Fifteen years of silence and I never minded it. Not really. I told myself it was the price of the life I chose and I paid it without complaint. One night. One woman. And the silence sounds like a fucking accusation.
I swing my legs over the edge of the mattress and my bare feet hit cold hardwood. The chill shoots up through my soles and I'm moving, pulling on my boxers, walking through the penthouse with my jaw locked and my fists tight at my sides.
"Tesoro?"
The bathroom door is open. Light off. The warm cloth I used to clean her still drapes over the nightstand.
The kitchen is dark. Two whiskey glasses sit on the island, her glass still holding the ghost of her scent along the rim.
I pick it up. The crystal is cool in my hand.
I bring it close and breathe in, catching the faint trace of warm skin and that floral sweetness that's been wrecking me since she walked through my door.
My chest constricts hard enough to make my ribs ache.
Her baby blue panties are still on the counter.
I pick them up and press the silk to my face before I can talk myself out of it.
Her scent fills my lungs, faint and warm and intimate, and my eyes close.
If Luca could see me right now, he'd have me committed.
And he'd be right. A Harvard-educated attorney standing in his kitchen in his boxers sniffing a stranger's panties.
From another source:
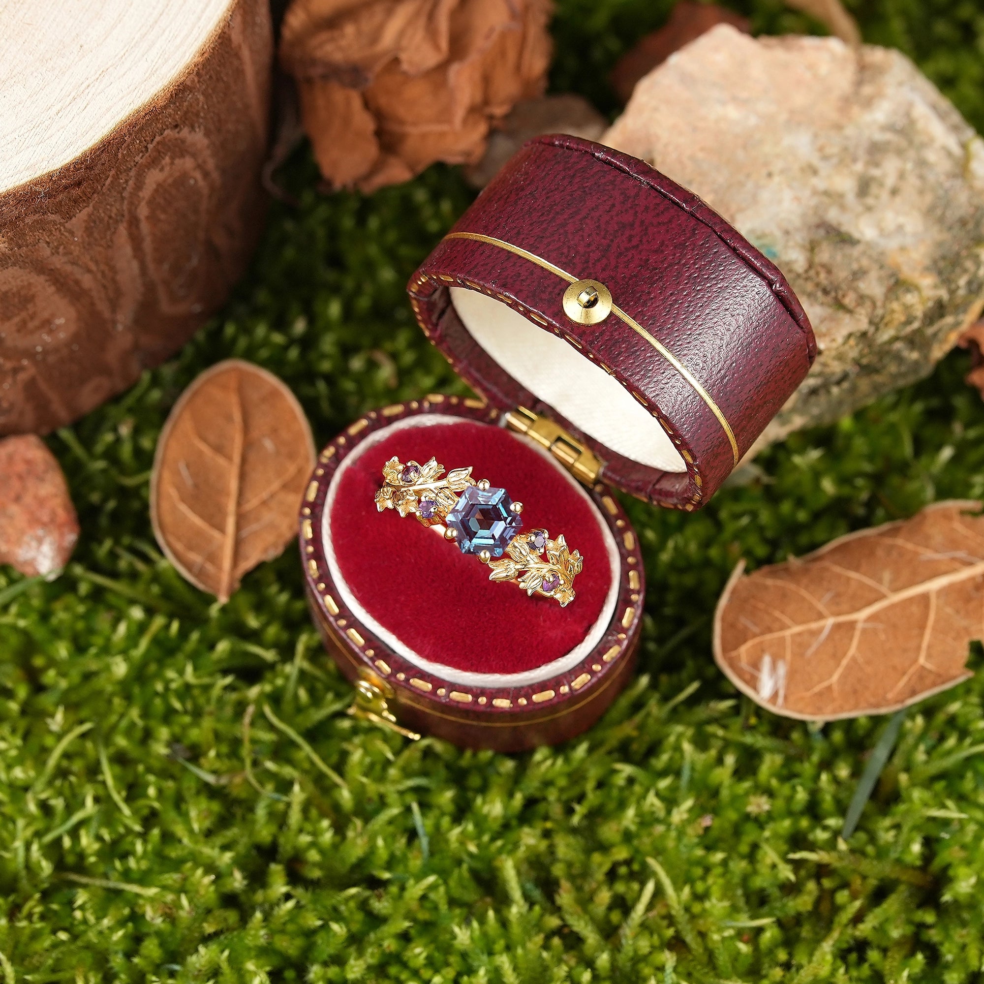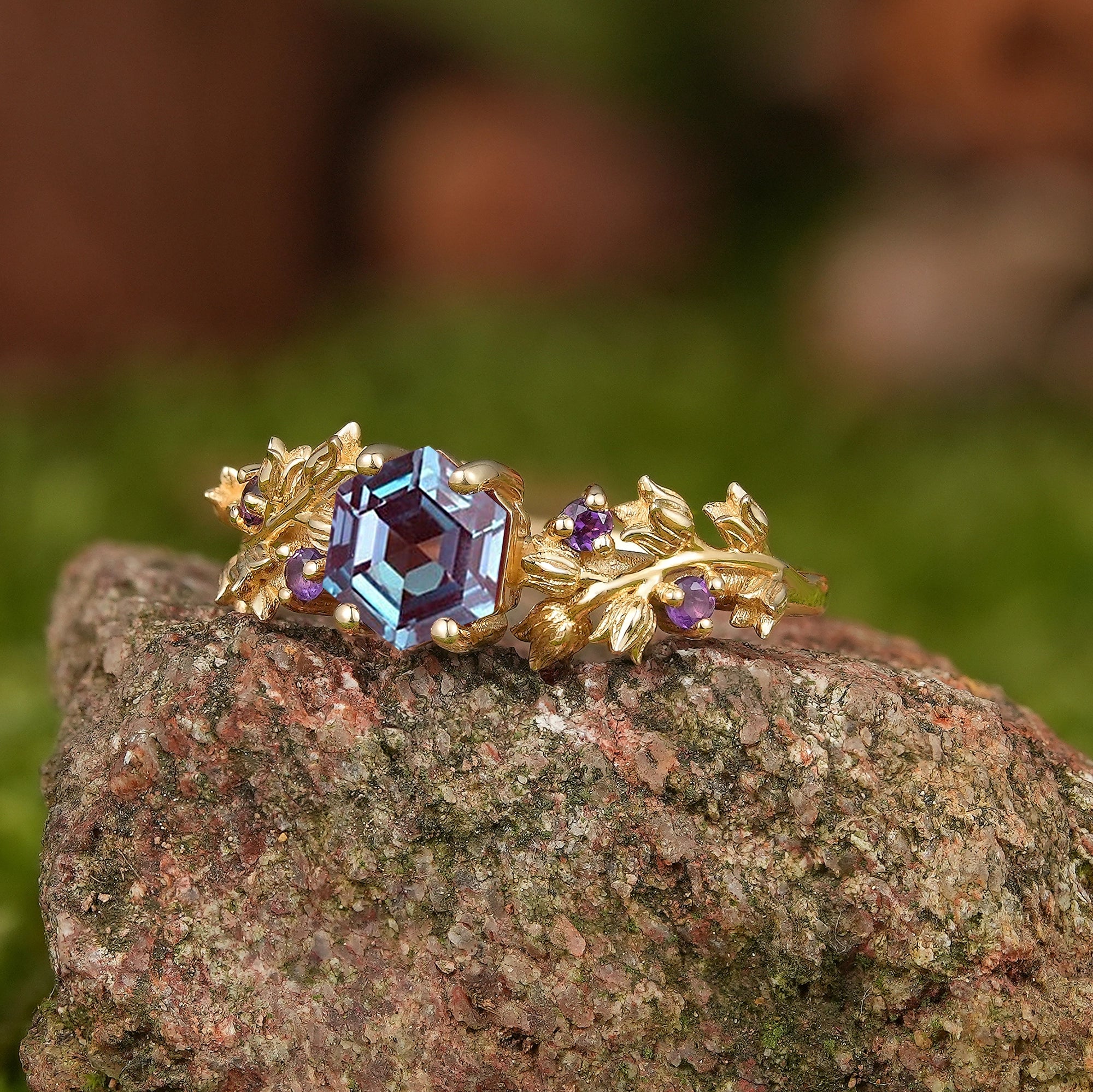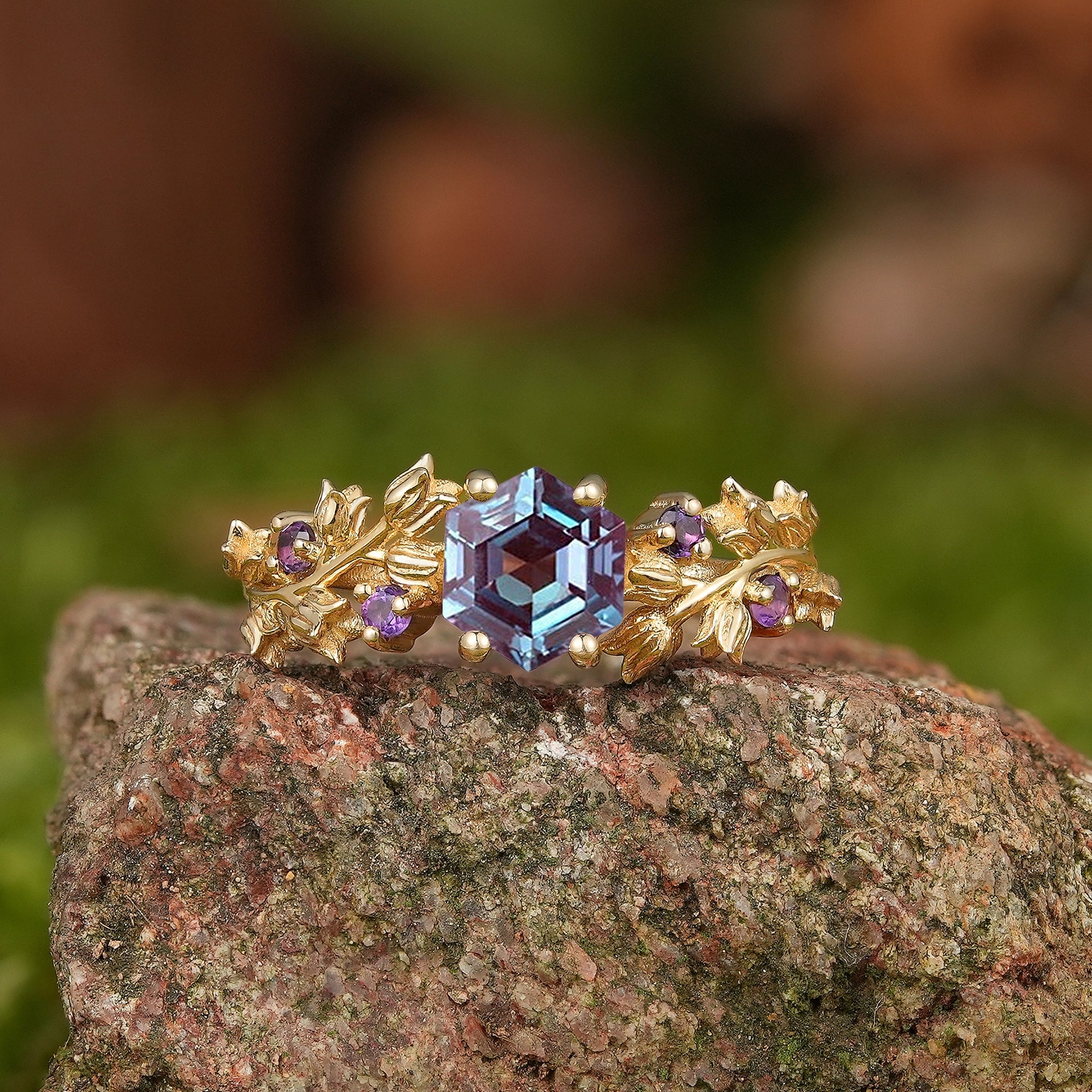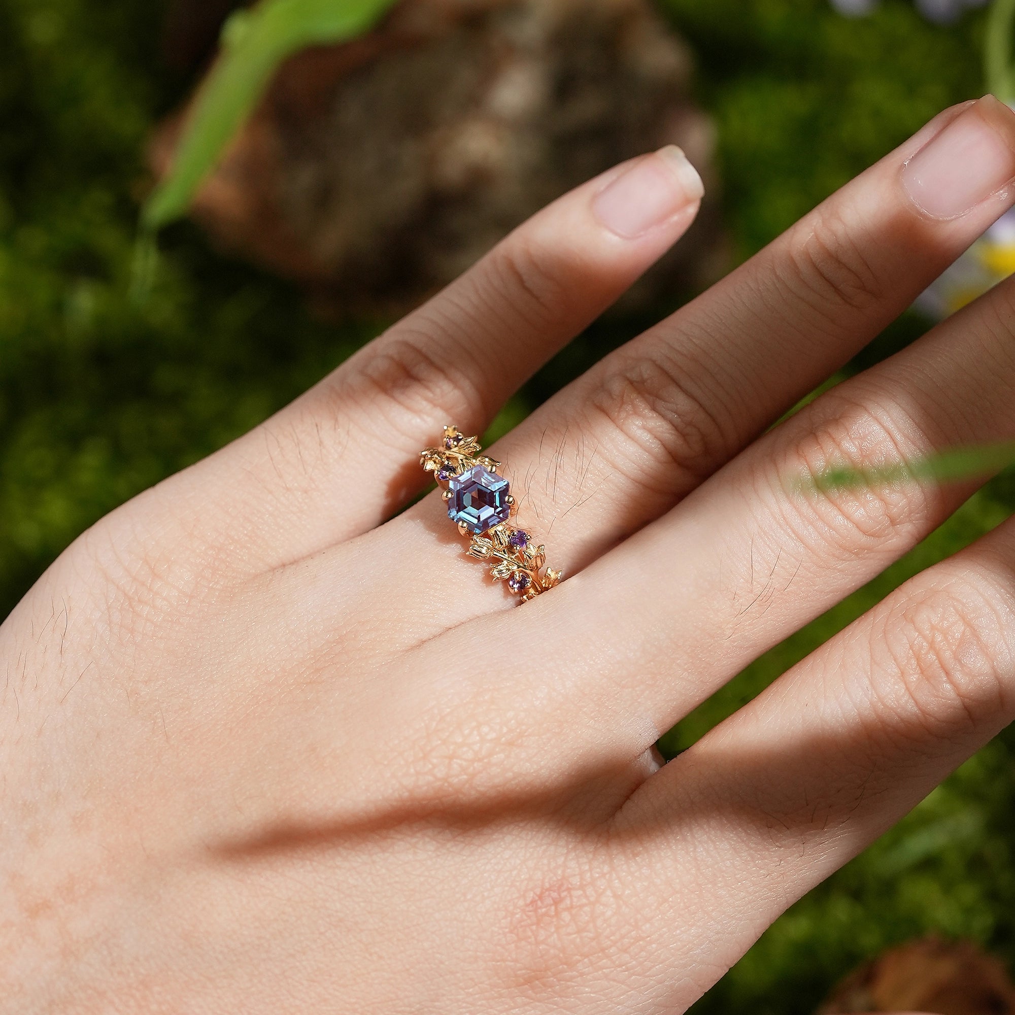 Hexagon Alexandrite Floral Engagement Ring Nature Inspired lily of the valley Wedding Ring Yellow Gold Handmake Promise Rings For Women

This is not in any professional development plan I've ever written.
I keep moving. Past the sofa, past the scattered contracts on my desk, past the hallway where I carried her with her legs around my waist and her mouth on mine.
The foyer stops me cold.
A red heel lies on its side on the marble floor in front of the elevator doors. Through the fog of sleep, I called out and heard the elevator chime and the sharp clatter of something landing on marble.
I drop to one knee and pick it up. The leather is worn smooth, still warm from her skin. I press it against my bare chest and kneel there on my own marble floor holding a woman's shoe like it's worth more than everything else in this penthouse.
Because right now it is.
"No." I grit through my teeth and my voice sounds dangerous even to my own ears. "You don't just leave."
I don't chase women. I have never chased a woman in my life.
Women come to Scarlet Thorn, the night happens, and everyone goes home with the understanding that it was what it was and nothing more.
That has been my arrangement for years and it has never bothered me.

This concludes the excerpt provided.